> **Available data**
# # # #
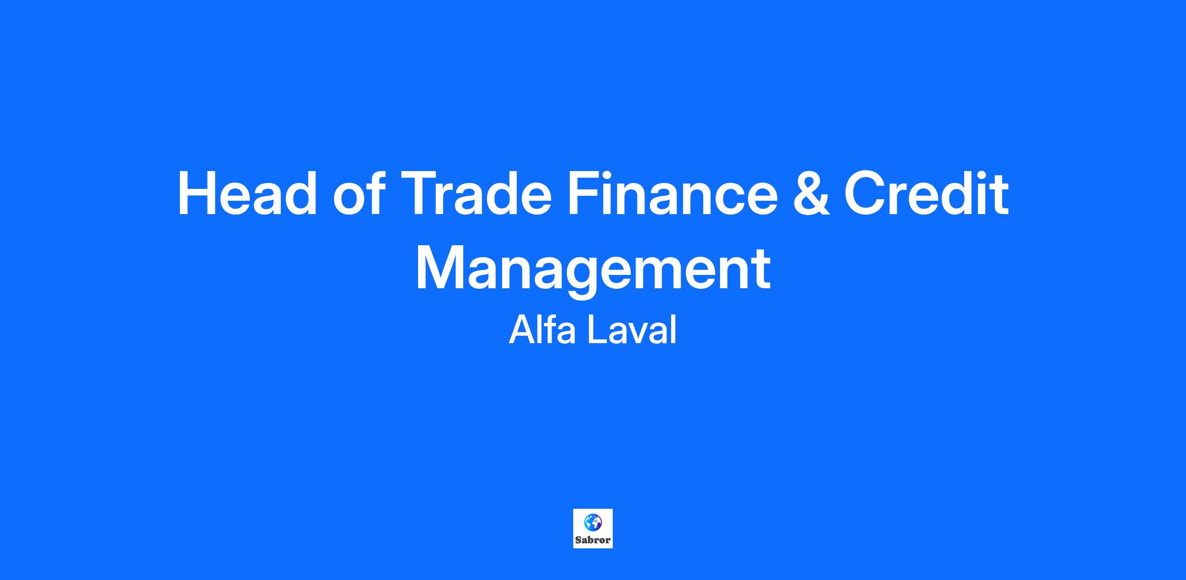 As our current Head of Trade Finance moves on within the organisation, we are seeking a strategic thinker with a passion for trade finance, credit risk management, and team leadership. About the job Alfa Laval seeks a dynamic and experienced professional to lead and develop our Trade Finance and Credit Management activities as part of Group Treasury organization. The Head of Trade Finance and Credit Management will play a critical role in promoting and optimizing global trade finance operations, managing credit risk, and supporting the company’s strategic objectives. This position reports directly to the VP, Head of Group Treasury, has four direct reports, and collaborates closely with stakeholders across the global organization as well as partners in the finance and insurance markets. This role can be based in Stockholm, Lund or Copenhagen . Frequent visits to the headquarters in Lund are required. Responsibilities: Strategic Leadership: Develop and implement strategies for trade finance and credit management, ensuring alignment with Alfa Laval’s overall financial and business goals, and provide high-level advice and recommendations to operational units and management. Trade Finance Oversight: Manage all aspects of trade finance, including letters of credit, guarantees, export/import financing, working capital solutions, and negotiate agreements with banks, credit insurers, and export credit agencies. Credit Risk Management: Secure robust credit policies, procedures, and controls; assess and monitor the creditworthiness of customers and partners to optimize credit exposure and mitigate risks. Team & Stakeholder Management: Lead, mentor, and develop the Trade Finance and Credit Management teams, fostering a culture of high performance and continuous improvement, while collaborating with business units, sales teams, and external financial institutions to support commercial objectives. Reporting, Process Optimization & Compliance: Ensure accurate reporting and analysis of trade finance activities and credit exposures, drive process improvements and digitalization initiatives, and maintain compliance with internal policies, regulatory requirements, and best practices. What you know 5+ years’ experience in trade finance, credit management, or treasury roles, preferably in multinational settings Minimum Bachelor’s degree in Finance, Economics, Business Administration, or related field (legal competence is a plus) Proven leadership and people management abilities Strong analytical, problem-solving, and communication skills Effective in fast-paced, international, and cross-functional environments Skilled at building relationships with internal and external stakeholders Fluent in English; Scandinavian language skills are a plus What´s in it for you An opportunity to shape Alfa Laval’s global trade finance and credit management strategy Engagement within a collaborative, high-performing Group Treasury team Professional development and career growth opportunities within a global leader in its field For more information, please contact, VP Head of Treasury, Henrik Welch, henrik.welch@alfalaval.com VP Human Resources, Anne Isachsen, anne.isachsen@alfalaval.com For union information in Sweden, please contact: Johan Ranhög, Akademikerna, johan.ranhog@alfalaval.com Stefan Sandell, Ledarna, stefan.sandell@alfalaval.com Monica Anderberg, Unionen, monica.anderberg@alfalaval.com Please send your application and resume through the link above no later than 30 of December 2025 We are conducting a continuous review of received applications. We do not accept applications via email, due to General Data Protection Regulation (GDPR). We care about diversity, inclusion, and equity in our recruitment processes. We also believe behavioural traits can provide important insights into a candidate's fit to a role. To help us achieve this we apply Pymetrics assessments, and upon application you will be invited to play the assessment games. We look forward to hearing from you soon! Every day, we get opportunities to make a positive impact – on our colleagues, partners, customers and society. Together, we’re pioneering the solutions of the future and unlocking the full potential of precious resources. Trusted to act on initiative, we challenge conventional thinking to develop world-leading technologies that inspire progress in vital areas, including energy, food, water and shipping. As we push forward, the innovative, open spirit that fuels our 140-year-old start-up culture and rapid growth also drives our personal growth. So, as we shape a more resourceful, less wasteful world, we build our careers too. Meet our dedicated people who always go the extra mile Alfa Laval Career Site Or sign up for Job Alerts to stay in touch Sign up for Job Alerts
# # # #
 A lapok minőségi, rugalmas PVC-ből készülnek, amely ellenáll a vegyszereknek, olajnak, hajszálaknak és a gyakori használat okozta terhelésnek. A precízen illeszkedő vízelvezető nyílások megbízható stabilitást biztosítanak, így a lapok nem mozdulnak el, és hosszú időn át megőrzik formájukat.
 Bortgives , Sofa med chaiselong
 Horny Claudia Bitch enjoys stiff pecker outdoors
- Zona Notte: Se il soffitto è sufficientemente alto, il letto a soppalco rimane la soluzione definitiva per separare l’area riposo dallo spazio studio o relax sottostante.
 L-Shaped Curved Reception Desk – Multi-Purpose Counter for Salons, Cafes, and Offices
# # # #
> **Task requirements**
Above are the records; from them, give again exactly the lines from the one containing "Horny Claudia Bitch" through the one containing "L-Shaped Curved Reception", both included.

> **Finished exercise**
 Horny Claudia Bitch enjoys stiff pecker outdoors
- Zona Notte: Se il soffitto è sufficientemente alto, il letto a soppalco rimane la soluzione definitiva per separare l’area riposo dallo spazio studio o relax sottostante.
 L-Shaped Curved Reception Desk – Multi-Purpose Counter for Salons, Cafes, and Offices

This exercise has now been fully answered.